=== TASK ===
Exclude any images and output the remaining records exactly.

=== RAW DATA ===
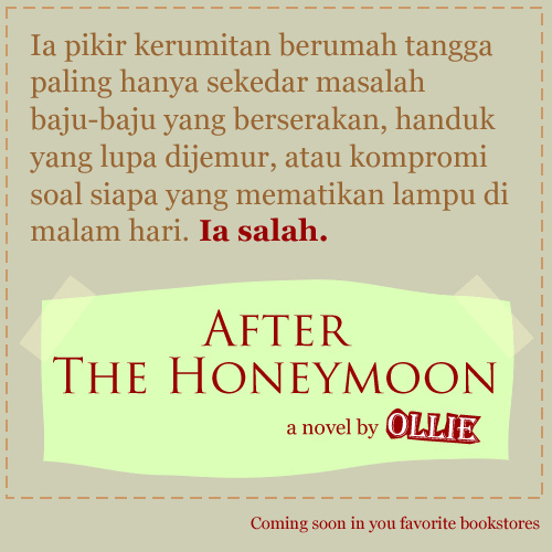 This is my latest novel after years [image error] Gagas Media challenged me to write some kind of domestic fiction. Ceritanya lebih mature, lebih serius, tentang hidup, tentang cinta, dan tentang keluarga. I wrote this in 30 days, just several weeks before my wedding day. People asked whether this is a true story (or MY STORY in particular). Well, the story is inspired by a true story, but of course more imagination playing. Ceritanya tentang bagaimana kehidupan rumah tangga itu mungkin nggak semudah yang di
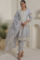 Dhiyona IE Floral Embroidered Straight Pure Cotton Kurta With Trousers & Dupatta
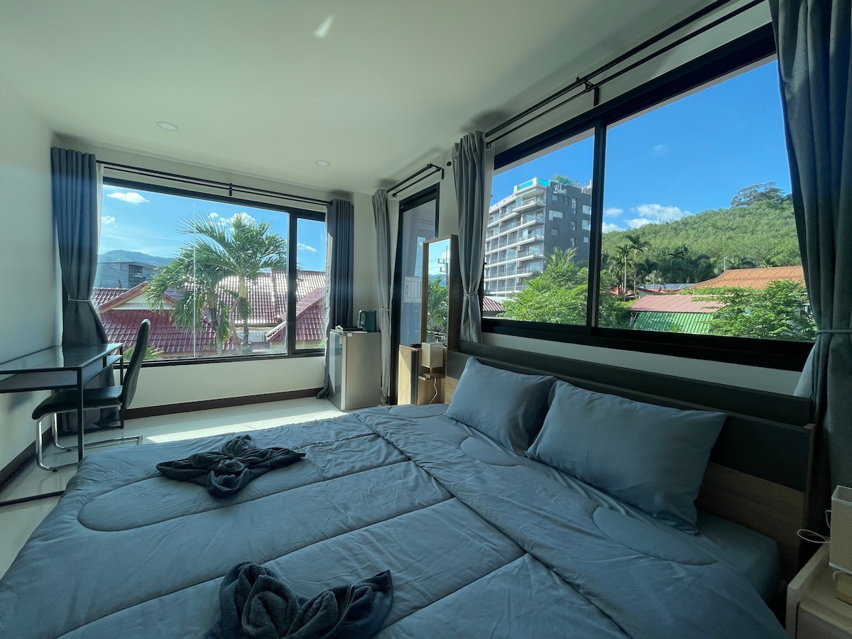 Studio on Soi Ta-iad (Fitness Street) in Chalong, Phuket, surrounded by gyms, cafes, restaurants, laundromats, and motorbike rentals. The space includes a king bed, fridge, TV, toilet, shower, and a small balcony. Enjoy street and mountain views from large open windows. Ideal for digital nomads, with a desk and high-speed fiber optic internet. Weekly cleaning provided, with electricity and water included. Perfect for fitness enthusiasts or travelers looking for a comfortable, convenient stay.
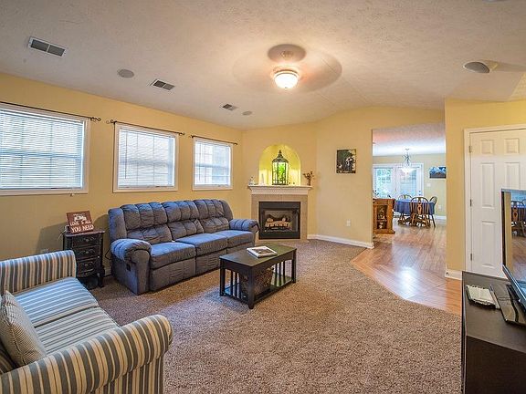 Waveland Estates One Floor Living. Low monthly Electric Bills. Ask you Realtor for a copy of last 12 months Electric Bills. This ranch style home has 3 bedrooms and 2 full baths, kitchen appliances, wine cooler with wine rack and bar area cabinets, center island in kitchen stays, kitchen pantry closet, ceramic tile backsplash in kitchen, pendant lights, window blinds, built-in speakers for surround sound in great room, fireplace with gas logs and shelf above to display whatever your heart desires, trey ceiling in owner's suite bedroom, walk-in clothes closet, good size laundry room, linen closet, upgraded lighting fixtures, ceiling fans with lights, patio, privacy fenced backyard, 2 car garage with remote control opener and 2 car wide driveway, Heating and Central Air Conditioning is 1+ years New! That is a major expense out of the way. With limited inventory of ready to move into homes, Call your Realtor Today!
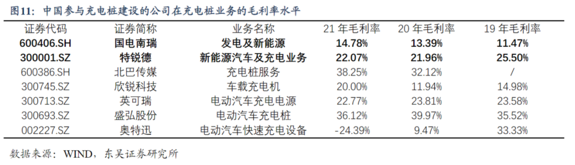 然而,杨绍辉指出,充电慢的问题依然是阻碍新能源汽车渗透率快速提升的重要因素。张良卫亦指出,海外充电桩公司,如以产品开发为主的ABB和西门子的毛利率都超过了30%,特斯拉的充电桩业务毛利也在30%左右,略高于国内公司的平均水平。
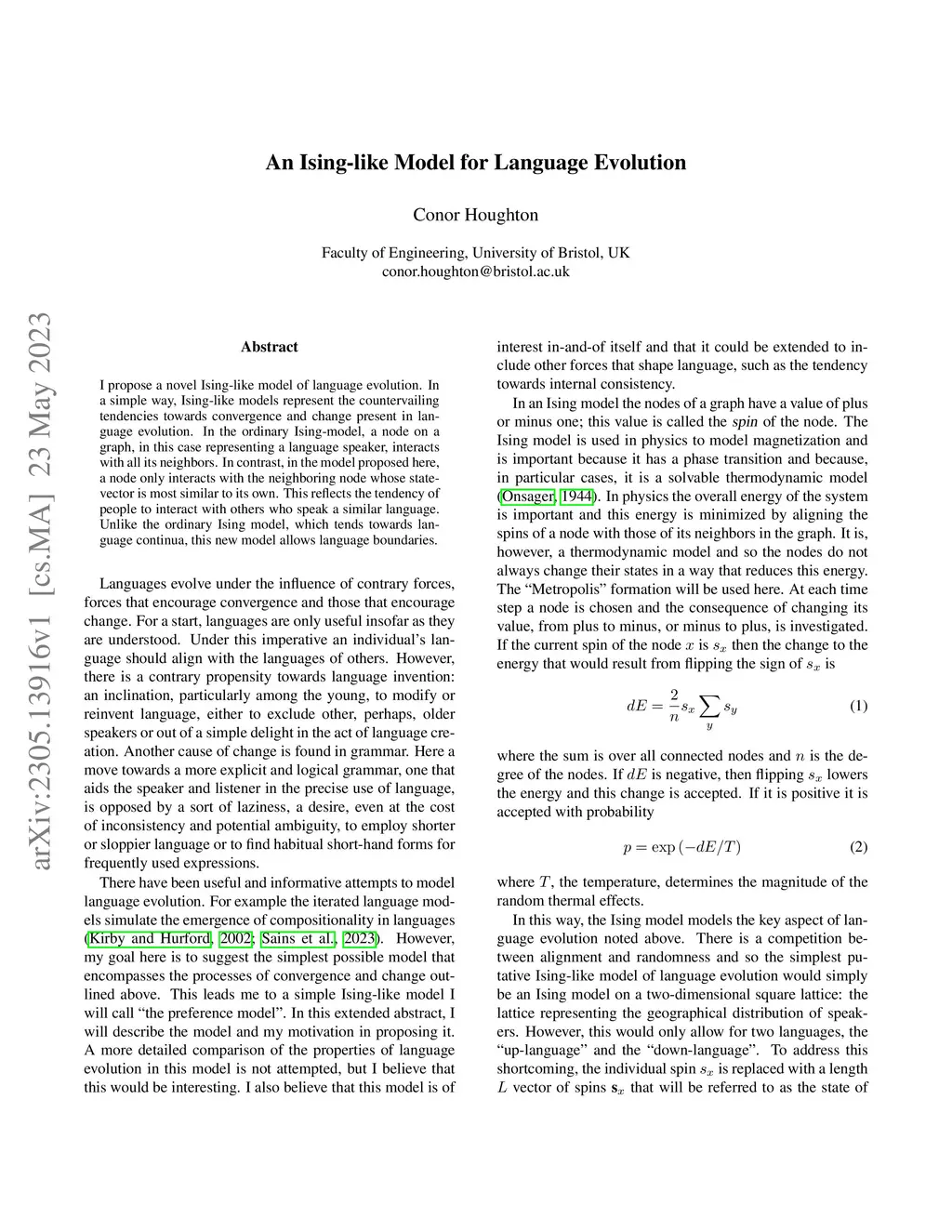 An Ising-like model for language evolution
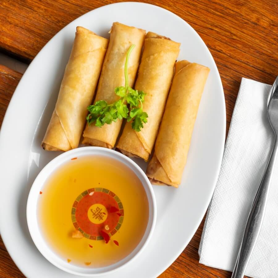 Vegetarian. Chicken or vegetarian spring rolls with thana's special sauce.
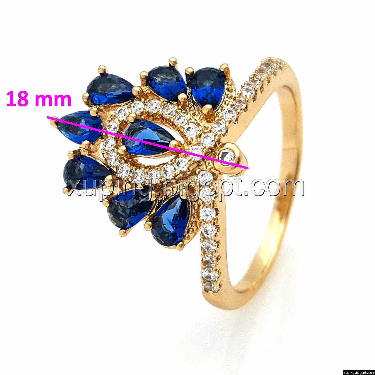 Кольцо Корона с синими камнями, р.18, р.19, позолота Xuping

=== OUTPUT OF THE EXERCISE ===
 This is my latest novel after years [image error] Gagas Media challenged me to write some kind of domestic fiction. Ceritanya lebih mature, lebih serius, tentang hidup, tentang cinta, dan tentang keluarga. I wrote this in 30 days, just several weeks before my wedding day. People asked whether this is a true story (or MY STORY in particular). Well, the story is inspired by a true story, but of course more imagination playing. Ceritanya tentang bagaimana kehidupan rumah tangga itu mungkin nggak semudah yang di
 Dhiyona IE Floral Embroidered Straight Pure Cotton Kurta With Trousers & Dupatta
 Studio on Soi Ta-iad (Fitness Street) in Chalong, Phuket, surrounded by gyms, cafes, restaurants, laundromats, and motorbike rentals. The space includes a king bed, fridge, TV, toilet, shower, and a small balcony. Enjoy street and mountain views from large open windows. Ideal for digital nomads, with a desk and high-speed fiber optic internet. Weekly cleaning provided, with electricity and water included. Perfect for fitness enthusiasts or travelers looking for a comfortable, convenient stay.
 Waveland Estates One Floor Living. Low monthly Electric Bills. Ask you Realtor for a copy of last 12 months Electric Bills. This ranch style home has 3 bedrooms and 2 full baths, kitchen appliances, wine cooler with wine rack and bar area cabinets, center island in kitchen stays, kitchen pantry closet, ceramic tile backsplash in kitchen, pendant lights, window blinds, built-in speakers for surround sound in great room, fireplace with gas logs and shelf above to display whatever your heart desires, trey ceiling in owner's suite bedroom, walk-in clothes closet, good size laundry room, linen closet, upgraded lighting fixtures, ceiling fans with lights, patio, privacy fenced backyard, 2 car garage with remote control opener and 2 car wide driveway, Heating and Central Air Conditioning is 1+ years New! That is a major expense out of the way. With limited inventory of ready to move into homes, Call your Realtor Today!
 然而,杨绍辉指出,充电慢的问题依然是阻碍新能源汽车渗透率快速提升的重要因素。张良卫亦指出,海外充电桩公司,如以产品开发为主的ABB和西门子的毛利率都超过了30%,特斯拉的充电桩业务毛利也在30%左右,略高于国内公司的平均水平。
 An Ising-like model for language evolution
 Vegetarian. Chicken or vegetarian spring rolls with thana's special sauce.
 Кольцо Корона с синими камнями, р.18, р.19, позолота Xuping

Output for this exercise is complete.